Daniel Blaufuks (born 1963) is a Portuguese photographer.

==Life and work==
Blaufuks was born in Lisbon. He is the grandson of Polish and German Ashkenazi Jews who moved to Portugal in the late 1920s and 1930s. He moved to Germany in 1976 and returned to Portugal in 1983. He spent several years in the import business, which provided his first-and-last regular job. Blaufuks wanted to be a writer from an early age, but lacked confidence in his ability.

He studied photography and started his free-lancing career at the weekly music newspaper Blitz, followed by the newspaper O Independente and, later, the Portuguese Marie Claire and others. In 1989, he won the Portuguese Kodak Award despite the fact he had to settle in court with the company. In 1996, he was among the first eight chosen for the European Photography Award.

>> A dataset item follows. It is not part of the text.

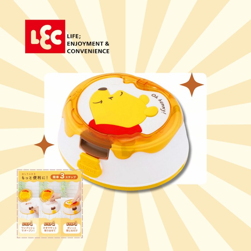 "LEC Character Wet Wipe Case with Baby Wipes - One-Push Open and Child Lock - Made in Japan"

In 1991, Blaufuks published, with Paul Bowles, My Tangier, and in 1994, the London Diaries, followed by Ein Tag in Mostar (1995) and Uma Viagem a S. Petersburgo (1998). At one time or another, he lived in England and the United States and traveled in Europe, India, Russia, Africa and South America.

As well as producing many exhibitions, Blaufuks directed several films and videos: Life is not a picnic (1998, a film without a story), Black and White (2000, the story of a girl who becomes color-blind), Under Strange Skies (2002, a documentary on the Jewish refugees in Lisbon during and after the Second World War), Reversed Landscapes (2002, a film on Portuguese architecture), and Slightly Smaller than Indiana (2006, a documentary about contemporary Portugal).

==Publications==
- Terez'n. Steidl, 2010. ISBN 978-3865216991.
- Works on Memory. Ffotogallery, 2012. ISBN 9781872771878.
- Pictures from Iran. London: Mack, 2012. ISBN 978-1907946219.
- Fabrica. Pierre von Kleist, 2013. ISBN 978-9899776326.
- Attempting Exhaustion. Akio Nagasawa, 2017. Edition of 600 copies.